Biswadip Maity<sup>ID</sup>, Majid Shoushtari<sup>ID</sup>, Amir M. Rahmani<sup>ID</sup>, *Senior Member, IEEE*, and Nikil Dutt, *Fellow, IEEE*

**Abstract**—Memory approximation enables trading off quality/accuracy for performance or energy gains. Traditionally, application programmers are burdened with the difficult task of setting memory approximation knobs to achieve the desired quality of service (QoS). Our self-adaptive approach for memory approximation eases the programmer’s burden: simply specify the desired quality as a goal, with the system deploying a formal control-theoretic approach to tune the memory approximation knobs and deliver a guaranteed QoS. We model quality configuration tracking as a formal quality control problem, and outline a system identification technique that captures memory approximation effects with variations in application input and system architecture.
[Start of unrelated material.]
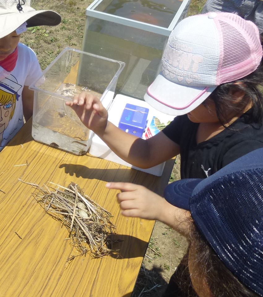 『ひばり』の巣が、たまたま田んぼにあり、子供達が見ていました。
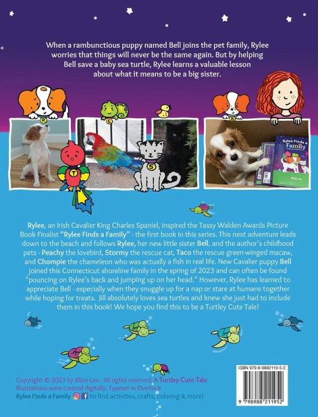 From the Author-Illustrator of Rylee Finds a Family (2022 Tassy Walden Award Finalist), comes an adorable rhyming tale about family and what it means to be a big sister. An interactive read aloud that features hidden sea turtles to find throughout the story and sea turtle facts! Join Rylee and her new puppy sister Bell on an engaging and interactive journey down to the beach. Toddlers, early readers and adults alike will love searching the colorful illustrations for hidden sea turtles, butterflies and members of Rylee's pet family which include a parrot, cat, chameleon and lovebird. Ideal for children aged 1-8, this heartwarming story celebrates families helping one another and everything that comes with having a little sibling. Bonus Features: the book includes sea turtle facts with messaging about recycling and doing our part to protect the oceans, in addition to the hidden sea turtles to find throughout the story. Makes a great gift for kids ages: 1, 2, 3, 4, 5, 6, 7, 8 and grades K-2 Book Summary: When a rambunctious puppy named Bell joins the pet family, Rylee worries that things will never be the same again. But by helping Bell save a baby sea turtle, Rylee learns a valuable lesson about what it means to be a big sister. About the pets in real life: Rylee, an Irish Cavalier King Charles Spaniel, inspired the Tassy Walden Awards Picture Book Finalist "Rylee Finds a Family" - the first book in this series. This next adventure leads down to the beach and follows Rylee, her new little sister Bell, and the author's childhood pets - Peachy the lovebird, Stormy the rescue cat, Taco the rescue green-winged macaw, and Chompie the chameleon who was actually a fish in real life. New Cavalier puppy Bell joined this Connecticut shoreline family in the spring of 2023 and can often be found "pouncing on Rylee's back and jumping up on her head." However, Rylee has learned to appreciate Bell - especially when they snuggle up for a nap or stare at humans together while hoping for treats. Jill absolutely loves sea turtles and knew she just had to include them in this book! We hope you find this to be a Turtley Cute Tale! "Rylee Helps a Family: a sea turtle and puppy tale" is perfect for:Pet, animal, sea turtle, dog and puppy tales book lovers everywhere! Toddlers and preschoolers who love first look and find, seek and find or search and find type picture books! A bedtime favorite or goodnight book for toddlers and kids! A gift for new or early readers! A gift for new puppy, dog, cat, bird, lizard, chameleon, turtle or pet owners! A gift for new big sisters and big brothers! Cavalier King Charles Spaniel puppy and book lovers! Beach and sea turtle lovers! Parents looking for a fun rhyming read! Fans of Dav Pilkey's Dragon series (which have always inspired Jillian) Birthday and Holiday gifts including Christmas and Easter Children and kids ages 1-8!

Preliminary results show that we can alleviate the programmer’s burden of manual knob tuning for on-chip memory approximation. When compared with a manual calibration scheme we achieve 3x improvement in average settling time and up to 5x improvement in best case settling time.

**Index Terms**—Approximate computing, control theory, memory hierarchy, system identification.

## I. INTRODUCTION

THE GROWING literature in approximate computing for applications resilient to some level of imprecision shows that we can achieve higher performance and energy efficiency by trading off an acceptable loss in precision. Since memories continue to dominate energy consumption and pose a bottleneck for performance, memory approximation has the potential to yield significant gains in performance and energy. Prior work on memory approximation required programmers to *set approximation knobs* statically to appropriate values by trial and error in order to reach the desired quality of service (QoS) [1]–[3]. There is no mechanism to specify the required quality and have the system to generate the knobs to achieve the target automatically.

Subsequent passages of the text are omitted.